Applicants can register nontraditional marks with the USPTO. Nontraditional marks include other devices used in commerce, such as sound, taste, scent, motion, or even color alone. Famous examples of sound marks include NBC’s chime sound (U.S. Reg. No. 916,522) and MGM’s lion roar (U.S. Reg. No. 1,395,550). The first scent mark to register was a plumeria blossoms scent for sewing thread (U.S. Reg. No. 1,639,128). Christian Louboutin continues to fight worldwide for his exclusive rights to the color red as a design on soles of shoes (See design mark, U.S. Reg. No. 3,376,197). However, the USPTO is hesitant in granting exclusive rights to an applicant for nontraditional marks without a clear showing that the mark has acquired distinctiveness in the marketplace.
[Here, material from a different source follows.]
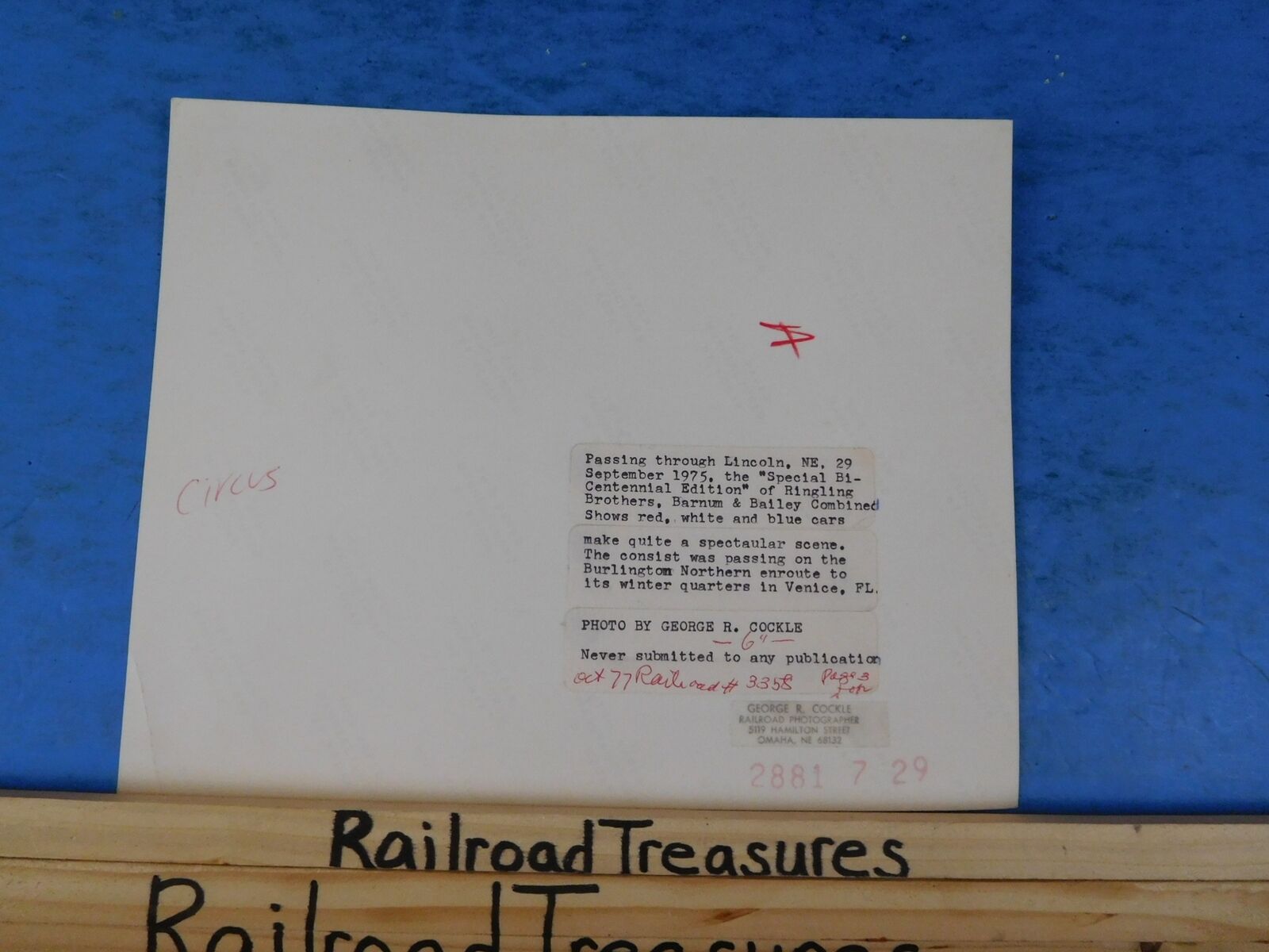 Passing through Lincoln, NE, 29 September 1975, the Special Bi-Centennial Edition of Ringling Brothers, Barnum & Bailey Combined Shows red, white and blue cars make quite a spectacular scene. The consist was passing on the Burlington Northern enroute to its winter quarters in Venice, FL.

The Process of Securing Registration of a Nontraditional Mark
To secure federal registration, among other requirements, an applicant must submit the mark, the dates of first use of the mark anywhere and in commerce, and specimens, or samples, showing use of the mark. Now, imagine the examiner that opened an overnight package to find containers of PLAY-DOH® toy modeling compounds to smell. What a day at the office!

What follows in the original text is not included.